One slogan connected the town of Jenin (see above) and Baghdad. Importantly, the flags on the demonstration were evenly divided between red flags and Palestinian ones.

Only a few demonstrators carried the green flags of the Islamic movement. One Abna El-Balad activist told us that the Islamic movement does not make a special effort to bring people to the Land Day demo.

The atmosphere in short was hot but peaceful (Israeli police cleverly kept out of sight this time). Thousands of our Arabic leaflets and the CWI statement were quickly snapped up, indicating the thirst for socialist ideas.


Netanyahu’s Weapon Of Mass Destruction

Workers respond with general strike call

THE ISRAELI government is using the US-led war on Iraq and the fear of Scud missile attacks on Israel as a cover to launch its own weapon of mass destruction – a 11.4 billion Shekel (£1.5 billion) budget cut, the second for 2003.

Faced with the worst recession in the country’s history, the ruling class is attempting to make the working class pay for the crisis.
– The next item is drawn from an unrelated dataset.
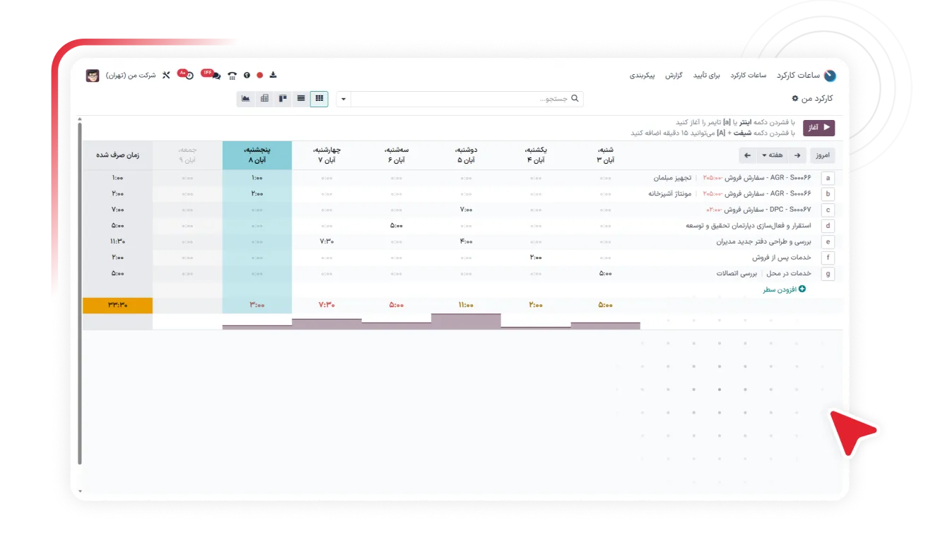 این یعنی هر دقیقه از زمان کارکنان شما قابل اندازه‌گیری و مدیریت است.
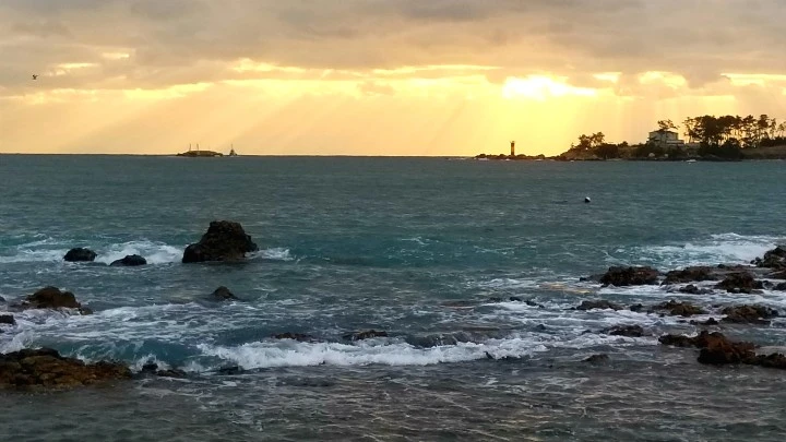 현관문을 여니 뜻밖에도 친구가 턱 하니 서있었다. 눈을 크게 뜨고 놀래라! 외쳤다. 그녀는 빨리 갑시다~하며 성큼성큼 해변 쪽으로 방향을 잡았다.

Public sector workers face an average 8% wage cut and the workforce will be slashed by 5% this year and by 3% next year.

Media comparisons made between finance minister Benjamin Netanyahu and his long time mentor, Margaret Thatcher, are completely justified by this frontal assault on organised labour, jobs, wages and living standards.

One of the major items is the breakup, through legislation, of long standing collective wage agreements in the public sector and the end of tenure, as well as steps making it easier for managers to sack any workers, including shop stewards.

After negotiations had reached a dead end, even the timid, right-wing leaders of the Histadrut (Israel’s trade union federation) were forced to announce a national labour dispute and subsequently a general strike for 9 April.

Already 100,000 workers, the total workforce in the local authorities, have been on strike since 31 March. 50,000 workers in government ministries and adjoining units started a slowdown on Sunday, and the teachers have held several stoppages (the government plans to sack nearly 7,000 teachers).